*Exercise*:
All lines from the beginning of the listing through the line with "- 만약 비가 오면 우산을" are to be copied word for word; the pictures are not.

*Dataset content*:
================

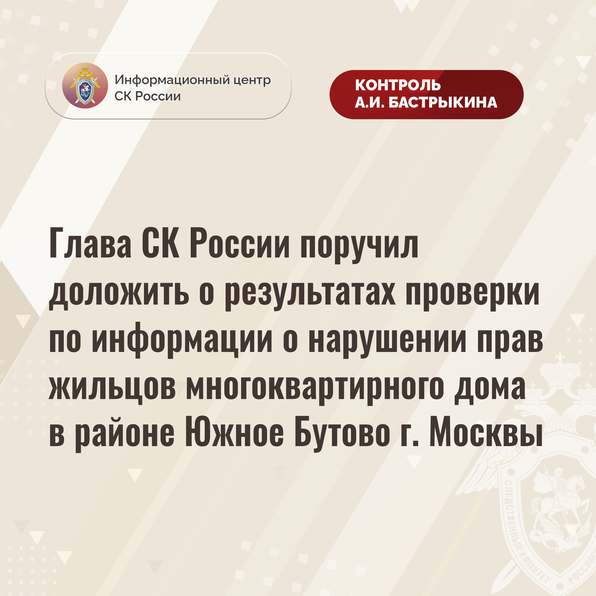 Глава СК России поручил доложить о результатах проверки по информации о нарушении прав жильцов многоквартирного дома в районе Южное Бутово г. Москвы
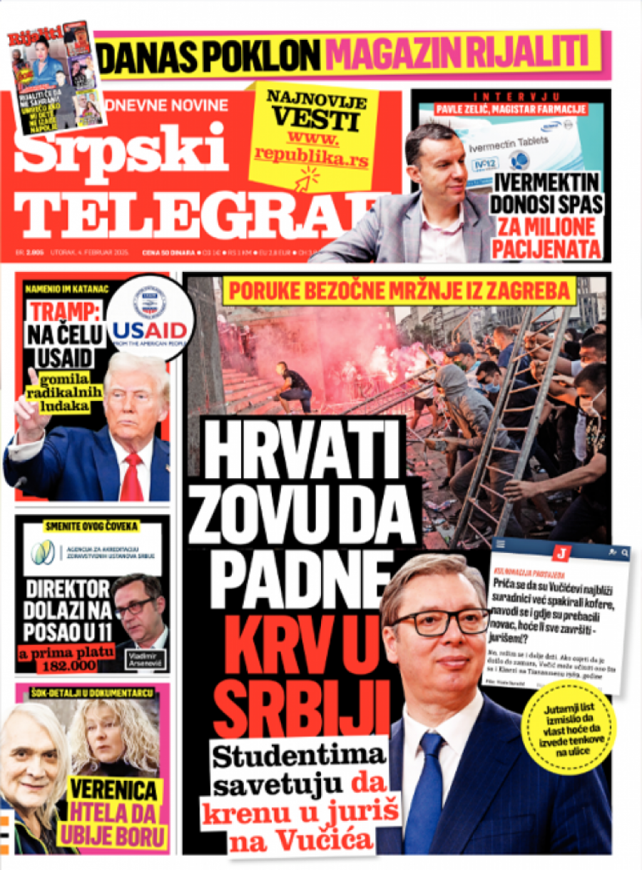 Naslovna strana Srpskog telegrafa za 04. februar 2025.
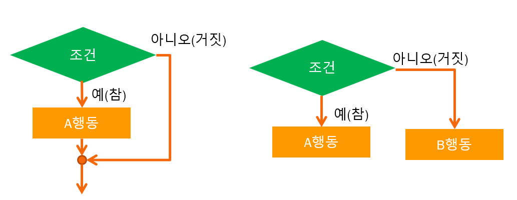 - 만약 비가 오면 우산을 쓴다. 아니라면 우산을 집에 두고 간다 와 같이 판단하는 문제들~
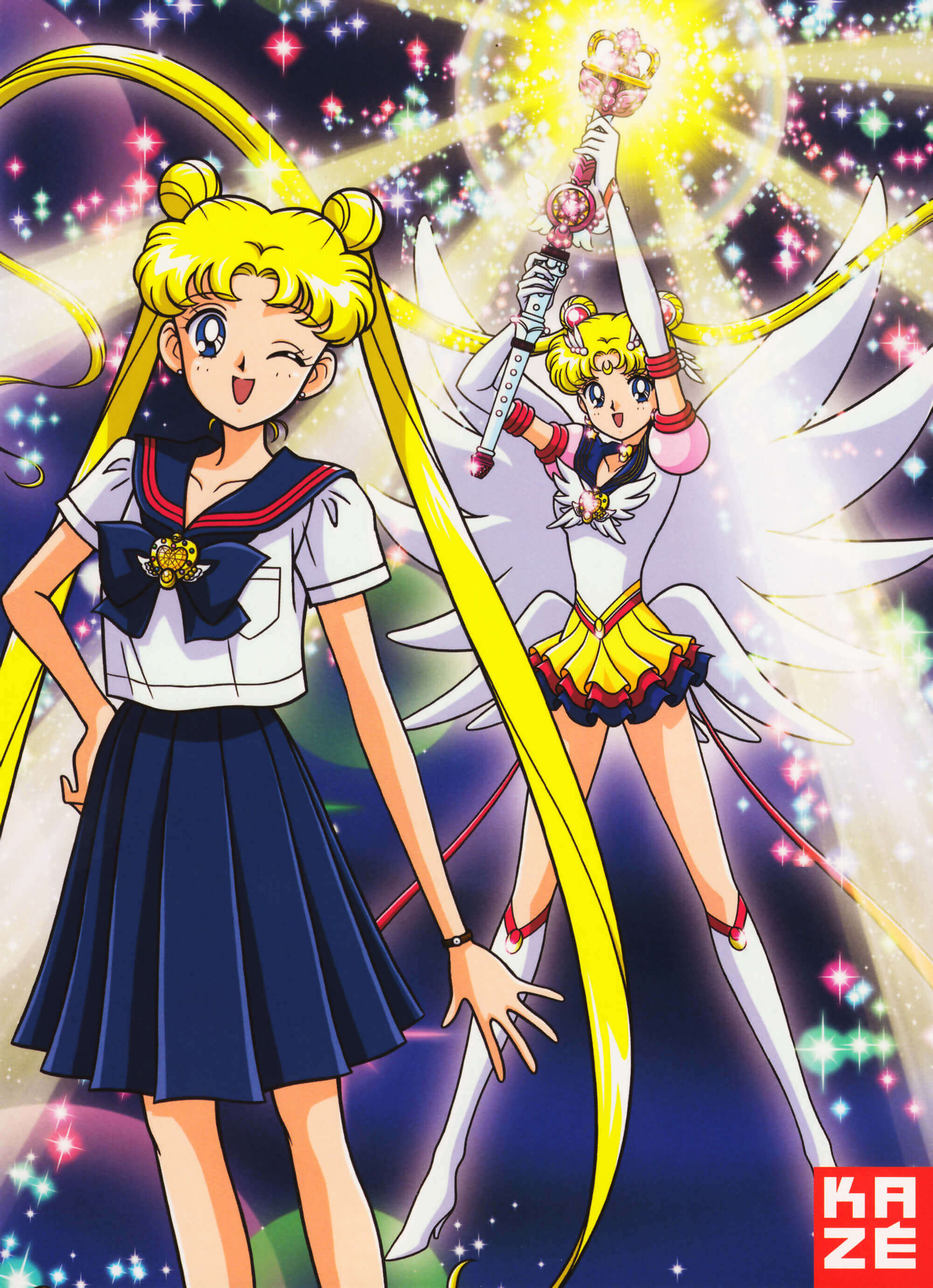 Macht des Mondlichts, mach auf! - Moon Eternal, Make Up!Diese Verwandlung in Eternal Sailor Moon sehen wir in der 5. Staffel. In der ersten Verwandlungssequenz (Episode 168) fliegen die Planetensymbole aller Sailor Senshi in die Crisis Moon Compact und in einem Lichtblitz wird diese zum Eternal Moon Article. Dann öffnet sich der Deckel und gibt den Blick auf den Kristall im Inneren frei. Super Sailor Moon streicht mit ihrer Hand über den Kristall und dieser strahlt ein helles rosa Licht aus. Federn wirbeln durch die Luft und verdecken sie für einen Moment, bis sie mit großen Engelsflügeln und einer golden leuchtenden Mondsichel auf der Stirn wieder auftaucht und die leuchtende Brosche zwischen ihren Händen hält. Sie hebt ihre Hände und die Brosche befestigt sich an ihrem Dekoltee, dann breitet sie ihre Flügel aus und wirbelt herum. In einem weiteren Federwirbel erscheint Eternal Sailor Moon und nimmt ihre Endpose ein. In der zweiten und beibehaltenen Verwandlungssequenz erscheint die Brosche (Eternal Moon Article) und der Deckel öffnet sich, wodurch der Kristall darin zum Vorschein kommt. Usagi streicht mit ihrer Hand über den Kristall und dieser strahlt ein helles rosa Licht aus. Federn wirbeln durch die Luft, während sich goldenes Licht zu einer Mondsichel auf ihrer Stirn bildet und Flügel auf ihrem Rücken erscheinen. Sie breitet ihre Arme aus und ihre neuen Flügel und ihr Body kommen zum Vorschein, dann sammeln sich weitere Federn, um daraus ihre Handschuhe zu formen. Dann dreht sie sich um und in einem weiteren Federwirbel materialisiert sich der Rest ihres Sailor-Fuku. Eternal Sailor Moon dreht sich noch einmal und ihre Flügel werden kleiner und schließlich nimmt sie ihre Endpose ein. Übrigens: Die Farben der Edelsteine auf der Brosche entsprechen den jeweiligen Senshi-Farben. Die Edelsteine auf der linken Seite stellen die Inner Senshi dar, während die auf der rechten Seite die der Outer Senshi darstellen und der rosafarbene Edelstein in der Mitte steht für Eternal Sailor Moon selbst.

================

*Task response*:
 Глава СК России поручил доложить о результатах проверки по информации о нарушении прав жильцов многоквартирного дома в районе Южное Бутово г. Москвы
 Naslovna strana Srpskog telegrafa za 04. februar 2025.
 - 만약 비가 오면 우산을 쓴다. 아니라면 우산을 집에 두고 간다 와 같이 판단하는 문제들~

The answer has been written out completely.